### Directions
For the records below, copy exactly the span that begins at the line containing "Insight Research for" and stops after the line containing "Planes Setelan Anak", minus any pictures.
Segment Start: Recorded information
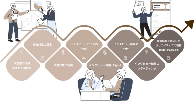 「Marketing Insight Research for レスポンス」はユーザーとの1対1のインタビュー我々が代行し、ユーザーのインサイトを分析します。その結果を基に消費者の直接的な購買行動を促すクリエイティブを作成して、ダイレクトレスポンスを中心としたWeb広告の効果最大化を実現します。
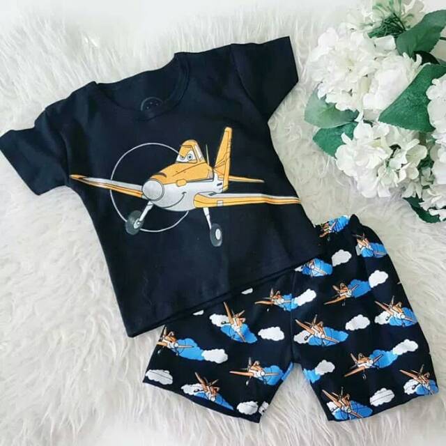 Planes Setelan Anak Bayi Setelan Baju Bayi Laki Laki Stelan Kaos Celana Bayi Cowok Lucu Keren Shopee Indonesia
Segment End: Recorded information
Segment Start: Recorded information
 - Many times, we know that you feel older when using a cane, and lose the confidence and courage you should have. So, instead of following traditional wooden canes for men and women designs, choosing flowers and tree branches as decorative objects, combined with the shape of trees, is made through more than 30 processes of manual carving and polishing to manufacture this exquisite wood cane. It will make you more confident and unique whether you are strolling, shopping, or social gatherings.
Segment End: Recorded information
### Task solution
 「Marketing Insight Research for レスポンス」はユーザーとの1対1のインタビュー我々が代行し、ユーザーのインサイトを分析します。その結果を基に消費者の直接的な購買行動を促すクリエイティブを作成して、ダイレクトレスポンスを中心としたWeb広告の効果最大化を実現します。
 Planes Setelan Anak Bayi Setelan Baju Bayi Laki Laki Stelan Kaos Celana Bayi Cowok Lucu Keren Shopee Indonesia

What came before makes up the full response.